BANGALORE/CHENNAI:
Large companies in sunrise sectors such as IT/ITeS and retail have
shown the way in investing in training and academic interventions to
feed their huge manpower requirement. Now, much smaller and niche
players are not hesitating to replicate the model as industry-ready
talent is getting scarce. Minnows are investing in creating
third-party training facilities to feed their own requirements and
also convert their idle assets (machines and manpower) into a
revenue stream.
Behind
this trend is not just an economy growing at 8-9 % a year, but also
the structural shifts that demand new sets of skills the current
education system is not geared to meet. It is this skill void that
is compelling even rank start-ups to put on the coach's hat,
industry observers say. The start-up world is full of such examples
such as The Writers' Block, Teleradiology Solutions, Comat and
TutorVista. And these could just be tip of the iceberg.
Rajesh Shukla, the
founder of The Writers Block, a Bangalore-based documentation
outsourcing company, prefers to call the choice of a technical
writer's job a "happy accident". This is because not many are aware
of the field and those who do are not adequately trained. So, this
start-up today has a parallel training school that has so far
trained over 500 technical writers who have joined the likes of
Infosys and Wipro apart from TWB itself. There would be a need for
50,000 technical writers in the country over the next five years, he
says.
A similar
story is at play at Teleradiology Solutions, which reads MRI and CT
scans of patients in the US at 30% lower cost. The Bangalore-based
company, which dishes out medical reports in half an hour to
manpower-strapped hospitals in the US and Singapore, is training
radiologists and doctors in the art of reading these images. Again,
the driver is captive need, which has been spun off into a revenue
stream.
Says founder Dr
Sunita Maheshwari: "There are only 10,000 radiologists in India
while the number in the US is 25,000 for a population of 250
million." The company's recently launched training school, Rad
Gurukul, is targeted at medical personnel and healthcare
technologists.
Ditto
with Tutorvista Global, an online tutoring services offering which
links up teachers from small and large Indian cities to students in
13 countries. Says, Tutorvista founder K Ganesh: "We train teachers
on communication skills, interactive learning, usage of computers
apart from bringing them on the same level as the US curriculum."

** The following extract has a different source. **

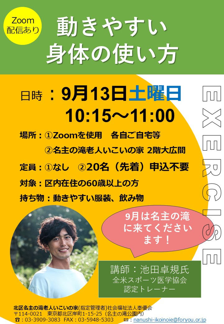 2025.09.01 活動報告 動きやすい身体の使い方を学ぼう Tweet シェアする 今回は池田卓規氏が名主の滝に来て指導してくださいます。身体や動作の基本について学び、夏バテの身体のメンテナンスをしましょう! YM 前の記事 2025.09.02 活動報告 「ソフトチェアロビ」募集開始いたしました 次の記事 2025.08.31 活動報告 花壇の整備始めました⑱ 一覧へ戻る

Tutorvista is now planning to offer this training programme as a
separate service offering, targeted at the large and fragmented
teacher community.
Comat Technologies, which is in egovernance
and citizen services space, uses its assets (computer kiosks) during
spare time to build an army of skilled workforce in low-end jobs. In
fact, Comat is a feeder to temp major Teamlease and aims at
supplying 5,000 such candidates per month to the recruitment agency
going forward.
Ms Uma
Karthikeyan, CEO of animation institute Pixel Academix, says the
animation industry is growing at 30% a year, kicking up demand for
300,000 professionals in the next couple of years. Parent company,
Sanra Software, which is into graphics, animation and gaming, is
doing just that by looking at scaling up its training institutes to
20 cities.
It is not
only in technology and new media that there is a rush to groom
talent . Take the truck industry, for example. Truck manufacturers
might be facing a bigger and less visible problem. There might not
be enough qualified people to drive the trucks. Which is why Ashok
Leyland has a driver's training institute at Namakkal, and more
recently at Burari near Delhi.
Typically, the industry and eventually
third-party players step in to fulfill the demand for training in
new skills before they are integrated into mainstream education .
Ten years ago, everybody rushed into IT training, but many of them
have closed down or changed their business model as there is more
cooperation among IT companies and universities.